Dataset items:
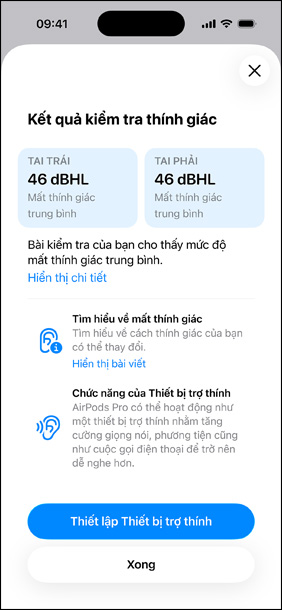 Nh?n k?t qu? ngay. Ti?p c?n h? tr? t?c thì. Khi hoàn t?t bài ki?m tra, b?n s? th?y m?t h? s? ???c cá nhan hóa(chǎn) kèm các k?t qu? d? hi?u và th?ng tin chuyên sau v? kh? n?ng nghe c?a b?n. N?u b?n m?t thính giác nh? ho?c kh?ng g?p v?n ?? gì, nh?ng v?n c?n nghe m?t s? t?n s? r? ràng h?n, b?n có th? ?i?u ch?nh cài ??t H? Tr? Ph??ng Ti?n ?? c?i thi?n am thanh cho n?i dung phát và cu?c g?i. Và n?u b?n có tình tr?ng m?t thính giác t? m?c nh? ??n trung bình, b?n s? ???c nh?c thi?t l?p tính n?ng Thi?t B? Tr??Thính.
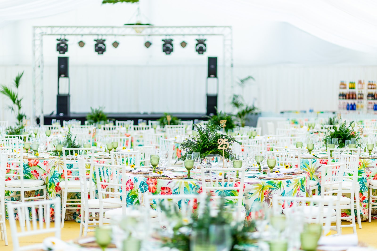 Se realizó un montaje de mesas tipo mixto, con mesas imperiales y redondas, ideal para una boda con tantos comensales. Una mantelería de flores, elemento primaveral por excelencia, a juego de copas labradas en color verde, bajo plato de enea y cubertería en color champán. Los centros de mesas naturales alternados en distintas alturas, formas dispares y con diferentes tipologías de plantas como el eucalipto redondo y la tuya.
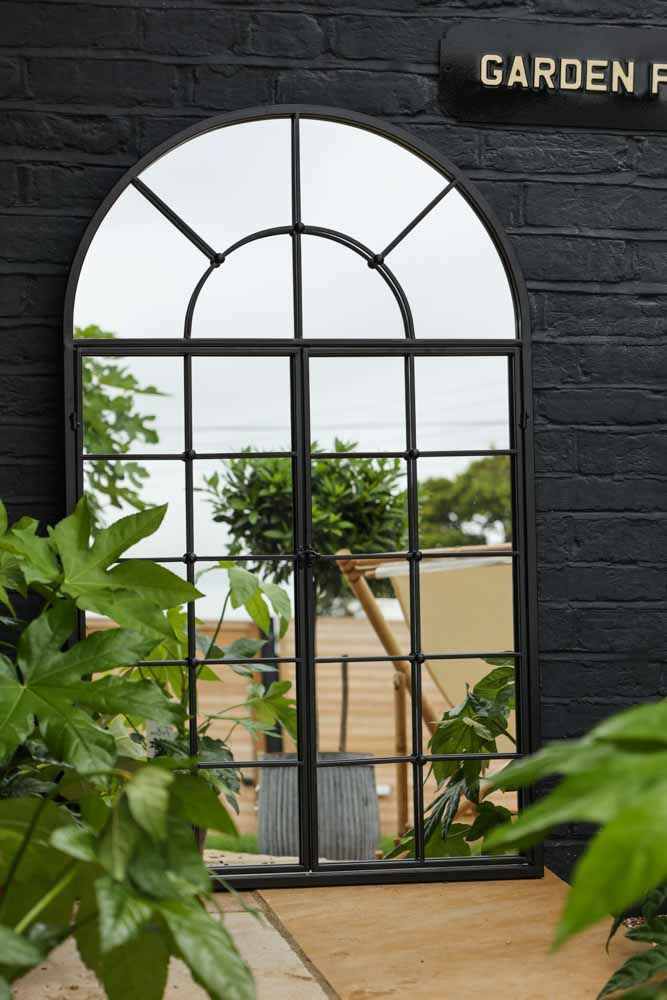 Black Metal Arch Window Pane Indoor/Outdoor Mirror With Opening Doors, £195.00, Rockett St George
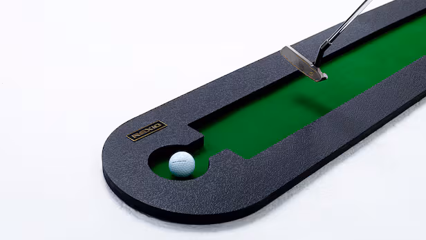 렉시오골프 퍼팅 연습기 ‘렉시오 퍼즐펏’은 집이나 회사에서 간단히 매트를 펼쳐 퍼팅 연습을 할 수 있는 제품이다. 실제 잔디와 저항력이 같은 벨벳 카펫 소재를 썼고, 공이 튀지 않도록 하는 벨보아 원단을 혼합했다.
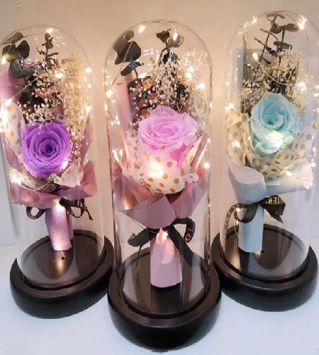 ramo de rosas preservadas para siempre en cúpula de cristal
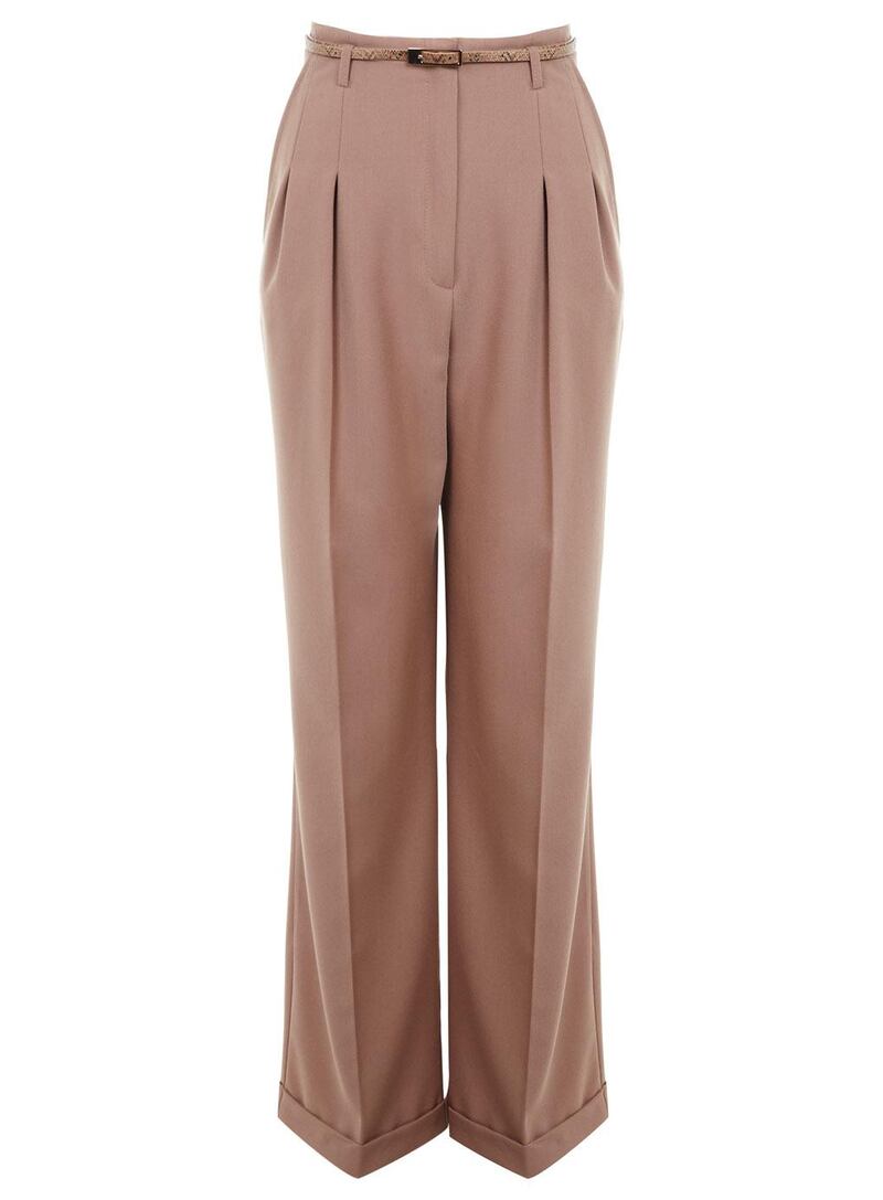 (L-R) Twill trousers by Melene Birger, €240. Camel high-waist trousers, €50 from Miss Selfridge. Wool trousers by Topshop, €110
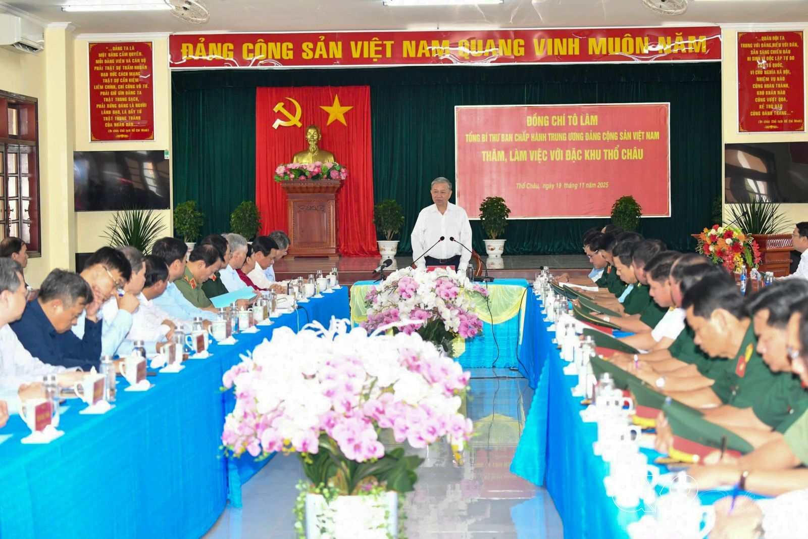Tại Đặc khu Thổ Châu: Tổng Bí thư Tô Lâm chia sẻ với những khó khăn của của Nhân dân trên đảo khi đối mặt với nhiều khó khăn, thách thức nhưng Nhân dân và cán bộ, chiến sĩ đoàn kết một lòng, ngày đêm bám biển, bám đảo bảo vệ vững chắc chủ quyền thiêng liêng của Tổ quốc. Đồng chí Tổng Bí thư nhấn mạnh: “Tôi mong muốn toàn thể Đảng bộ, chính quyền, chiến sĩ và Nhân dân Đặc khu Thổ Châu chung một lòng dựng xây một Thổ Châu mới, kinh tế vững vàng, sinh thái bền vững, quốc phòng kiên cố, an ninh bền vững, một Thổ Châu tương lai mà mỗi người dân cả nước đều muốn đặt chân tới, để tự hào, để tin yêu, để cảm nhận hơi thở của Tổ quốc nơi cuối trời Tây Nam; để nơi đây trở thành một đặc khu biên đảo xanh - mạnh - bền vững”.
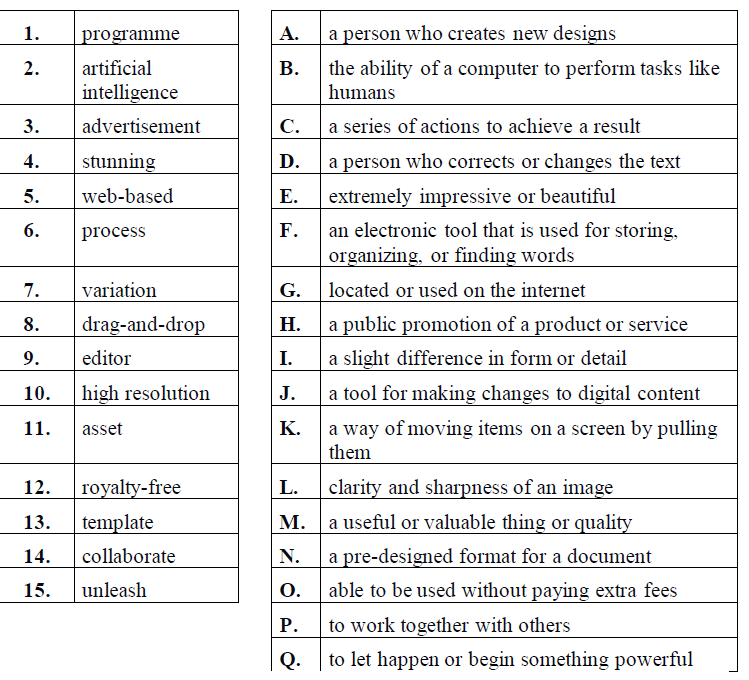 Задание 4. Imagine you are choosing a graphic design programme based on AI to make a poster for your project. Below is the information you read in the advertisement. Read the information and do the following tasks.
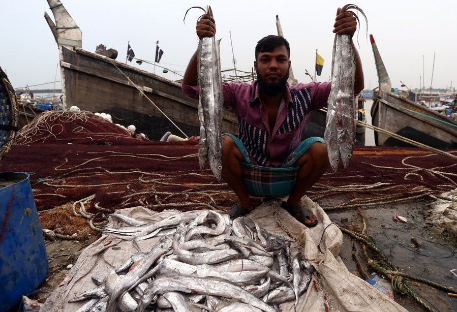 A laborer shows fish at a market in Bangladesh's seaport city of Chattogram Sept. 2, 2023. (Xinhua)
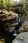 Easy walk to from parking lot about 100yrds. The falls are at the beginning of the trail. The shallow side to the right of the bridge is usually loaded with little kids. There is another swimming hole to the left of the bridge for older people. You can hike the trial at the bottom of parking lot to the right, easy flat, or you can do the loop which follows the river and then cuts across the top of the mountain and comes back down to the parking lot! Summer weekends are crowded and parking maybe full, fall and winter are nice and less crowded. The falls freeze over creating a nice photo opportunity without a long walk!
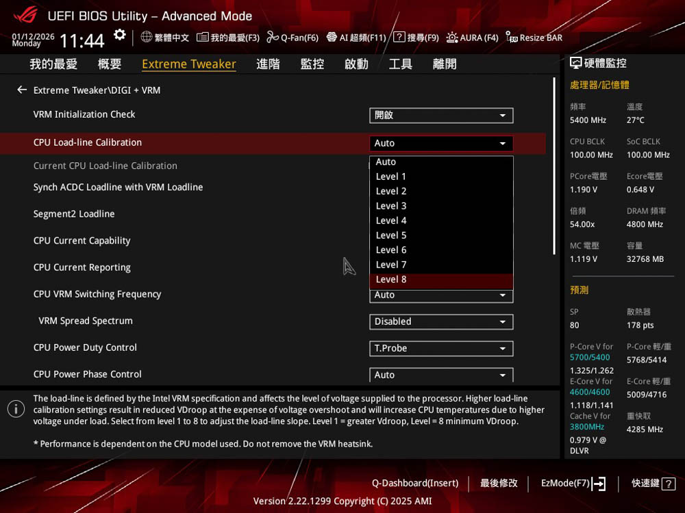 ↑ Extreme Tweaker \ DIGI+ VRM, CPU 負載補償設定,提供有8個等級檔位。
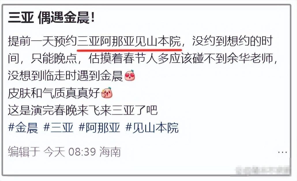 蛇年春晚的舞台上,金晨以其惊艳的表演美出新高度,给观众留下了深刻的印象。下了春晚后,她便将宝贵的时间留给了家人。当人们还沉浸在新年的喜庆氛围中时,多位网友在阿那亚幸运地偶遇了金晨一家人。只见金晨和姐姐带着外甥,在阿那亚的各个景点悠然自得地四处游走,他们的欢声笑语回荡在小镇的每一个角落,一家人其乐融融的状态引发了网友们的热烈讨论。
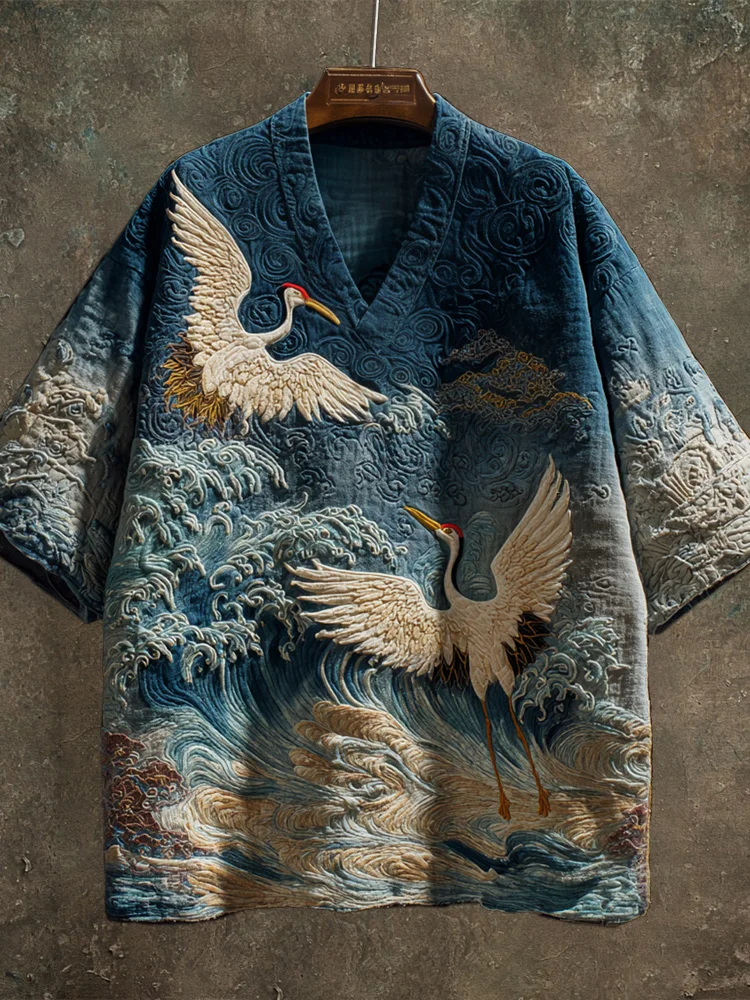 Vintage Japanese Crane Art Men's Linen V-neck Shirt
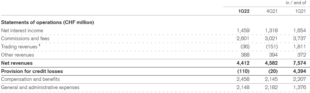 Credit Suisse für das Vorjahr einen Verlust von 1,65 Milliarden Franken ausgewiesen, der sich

▶ **What you will do**
What you return must match the lines above from the one with "ramo de rosas" through the one with "A laborer shows" exactly, with both ends included and the pictures excluded.

▶ **Response**
 ramo de rosas preservadas para siempre en cúpula de cristal
 (L-R) Twill trousers by Melene Birger, €240. Camel high-waist trousers, €50 from Miss Selfridge. Wool trousers by Topshop, €110
Tại Đặc khu Thổ Châu: Tổng Bí thư Tô Lâm chia sẻ với những khó khăn của của Nhân dân trên đảo khi đối mặt với nhiều khó khăn, thách thức nhưng Nhân dân và cán bộ, chiến sĩ đoàn kết một lòng, ngày đêm bám biển, bám đảo bảo vệ vững chắc chủ quyền thiêng liêng của Tổ quốc. Đồng chí Tổng Bí thư nhấn mạnh: “Tôi mong muốn toàn thể Đảng bộ, chính quyền, chiến sĩ và Nhân dân Đặc khu Thổ Châu chung một lòng dựng xây một Thổ Châu mới, kinh tế vững vàng, sinh thái bền vững, quốc phòng kiên cố, an ninh bền vững, một Thổ Châu tương lai mà mỗi người dân cả nước đều muốn đặt chân tới, để tự hào, để tin yêu, để cảm nhận hơi thở của Tổ quốc nơi cuối trời Tây Nam; để nơi đây trở thành một đặc khu biên đảo xanh - mạnh - bền vững”.
 Задание 4. Imagine you are choosing a graphic design programme based on AI to make a poster for your project. Below is the information you read in the advertisement. Read the information and do the following tasks.
 A laborer shows fish at a market in Bangladesh's seaport city of Chattogram Sept. 2, 2023. (Xinhua)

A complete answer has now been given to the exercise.